In your for loops you are comparing the array [x11, x12, x13, x14] with all following elements ([x21, x22, x23, x24], [x31, x32, x33, x34], [x41, x42, x43, x44], etc..),

then you move on to comparing [x21, x22, x23, x24] with all following elements ([x31, x32, x33, x34], [x41, x42, x43, x44], etc..).

To iterate every 2 rows and compare them 2 by 2 (that means x1 with x2, and then x3 with x4) you want something like this instead:

for i in range(0, length - 1, 2):
    j = i + 1;
    if (list[i][0] + list[i][2] == list[j][0] or list[j][0] + list[j][2] == list[i][0]) and list[i][1] == list[j][1]:
        # do something
        if list[i][3] == list[j][3]:
            # do something
        else
            # do something

note that you have also to address the case where the list array has odd size.

Syco
  • 799
  • 2
  • 14
  • 23
0

I am posting a solution for how to do this for the first if and the subsequent if and else conditions.

You can follow similar logic to do the same for the rest as well.

import numpy as np

arr = np.array([[0, 17, 6, 10],
       [0, 7, 6, 10],
       [6, 50, 6, 10],
       [0, 50, 6, 10],
       [6, 16, 6, 10],
       [6, 6, 6, 10],
       [0, 50, 6, 10],
       [6, 50, 6, 10],
       [6, 40, 6, 10],
       [0, 27, 6, 10],
       [0, 37, 6, 10]])

N = len(arr)

cnt1 = cnt2 = cnt3 = cnt4 = cnt5 = 0
for i in range(0, N):
    for j in range(i + 1, N):
        if (arr[i][0] + arr[i][2] == arr[j][0] or arr[j][0] + arr[j][2] == arr[i][0]) and \
                arr[i][1] == arr[j][1]:
            cnt1 += 1
            if arr[i][3] == arr[j][3]:
                cnt2 += 1
            else:
                cnt3 += 1
        elif (arr[i][1] + arr[i][3] == arr[j][1] or arr[j][1] + arr[j][3] == arr[i][1]) and \
                    arr[i][0] == arr[j][0]:
            cnt4 += 1
            if arr[i][2] == arr[j][2]:
                cnt2 += 1
            else:
                cnt3 += 1
        else:
            cnt5 += 1

# this corresponds to (arr[i][0] + arr[i][2] == arr[j][0] or arr[j][0] + arr[j][2] == arr[i][0])
cnt1_bool_c1 = ((arr[:, 0] + arr[:, 2])[:, None] == arr[:, 0][None, :])

# arr[i][1] == arr[j][1]:
cnt1_bool_c2 = arr[:, 1][:, None] == arr[:, 1][None, :]

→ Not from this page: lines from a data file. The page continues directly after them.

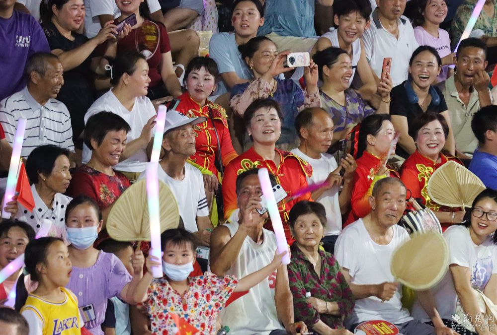 華燈初上,匡河小學(xué)籃球場熱鬧非凡,驕陽似火,酷暑難耐,但是依然擋不住球迷們的熱情,村民們揮舞著國旗,加油聲、喝彩聲一浪高過一浪,享受著體育競技活動帶來的樂趣。
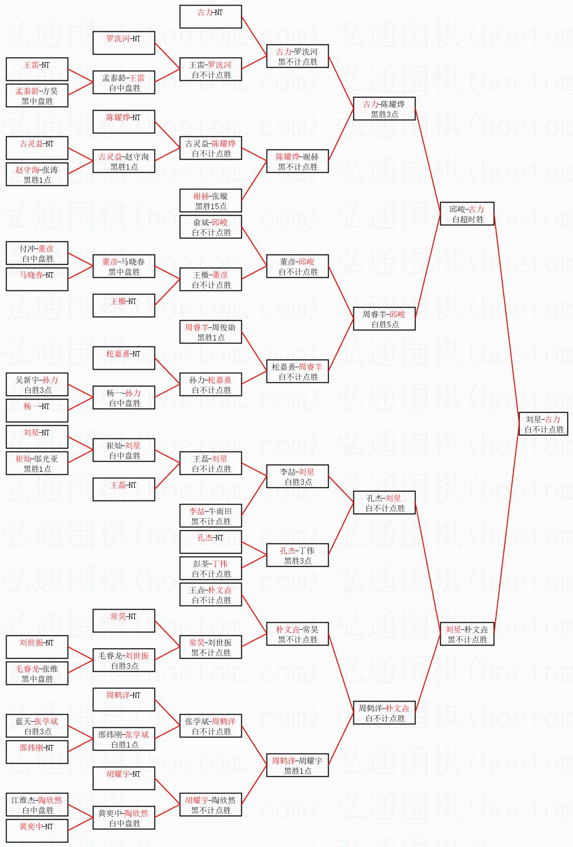 | 1.古力获得冠军,刘星获得亚军。决赛比分:古力2:1刘星。棋局: | ||
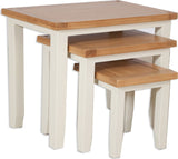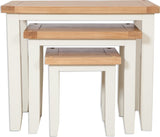 Crafted with natural oak tops and MDF/Pine painted bases, these tables exude timeless charm and durability. Featuring a substantial 38mm thick top adorned with a delightful raised peg detail, they offer both elegance and sturdiness. The tapered legs add a touch of sophistication, while the ingenious design allows for convenient nesting, saving valuable space when not in use. Whether used individually or together, these tables are perfect for serving snacks, displaying decor, or simply adding a touch of rustic elegance to your home.
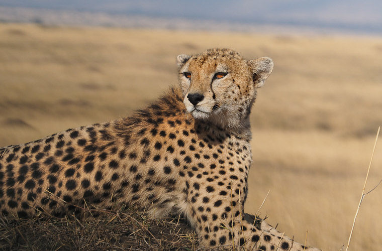 Еще в Масаи-Мара живут гепарды. Эти животные тоже довольно редки, и мы боялись, что не сможем их найти, но нам повезло! Однажды в поисках слонов мы случайно наткнулись на одного гепарда. Моузес завидел его за 300 метров и развернул машину. Грациозно и красиво гепард возлежал на старом термитнике, прячась от солнца в тени дерева. Он даже не шевельнулся, когда наша машина подъехала к нему. Ему было все равно, что мы рядом. Истинный хозяин положения. У гепарда есть рудиментарный коготь. Именно им он ловит добычу, когда настигает ее. Сначала он подкрадывается к своей жертве на 20-25 метров, потом начинает бежать, быстро разгоняясь до скорости почти 70 км/ч, потом делает рывок-ускорение, достигает своей фантастической скорости (иногда до 120 км/ч) и, наконец, прыгает. Тут-то ему и помогает рудиментарный коготь, которым гепард зацепляется за жертву и наносит ей рану, сваливающую ее с ног. У гепардов очень слабые челюсти, которые не могут прокусить шкуру животного, и поэтому они душат, а не кусают ее. Гепарды могут бежать очень быстро, но не долго. Он бежит рывками и если ему не хватит рывков, то он проиграет битву за еду. У гепардов есть черные линии от глаз до подбородка, их еще называют "линии слез". Эти линии помогают ему охотится при ярком солнечном свете. А когда гепард открывает рот, то эти линии делают его морду страшнее, и отпугивают других зверей. Еще гепарды издают такие звуки, как птички - чирикают, чтоб львы не заметили, как мама завет своих малышей.
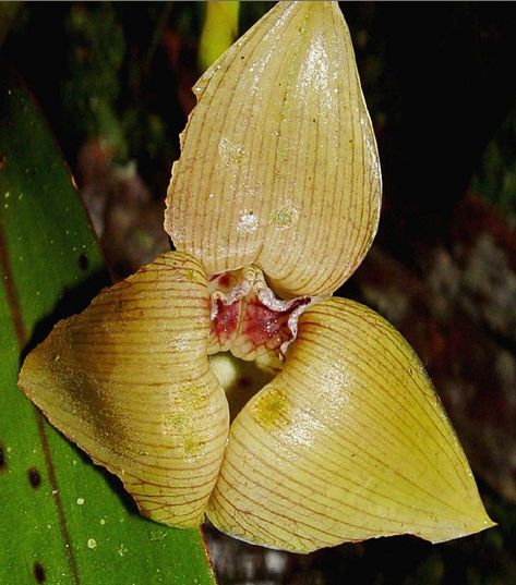 Found in Guatemala, Nicaragua, Costa Rica, Colombia and Ecuador in wet lowland forests at elevations of 50 to 1000 meters as a small sized, hot growing epiphyte with elliptic, slightly flattened, slightly ridged pseudobulbs carrying 2, apical, narrowly linear, acute, becoming conduplicate below into the clasping base leaves that blooms in the summer through fall on numerous, basal, 8" [20 cm] long, single flowered inflorescence
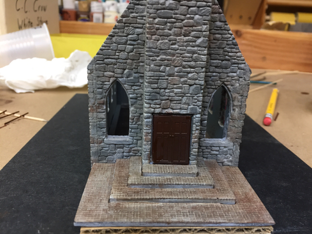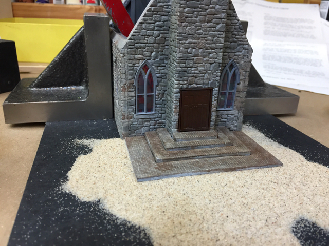 I have the window castings glued in on 3 sides of the church now.  I also added the first layer of sand to build up the area in front of the steps.

# So that i and j are compared only if i != j
cnt1_bool_c2[np.arange(N), np.arange(N)] = False

# doing and of the two previous conditions finishing the very first if condition
cnt1_bool = np.bitwise_and(cnt1_bool_c1, cnt1_bool_c2)

# corresponds to cnt1
cnt1_n = cnt1_bool.sum()

# verified
print(cnt1 == cnt1_n)

# corresponds to arr[i][3] == arr[j][3]
cnt2_bool_c = arr[:, 3][:, None] == arr[:, 3][None, :]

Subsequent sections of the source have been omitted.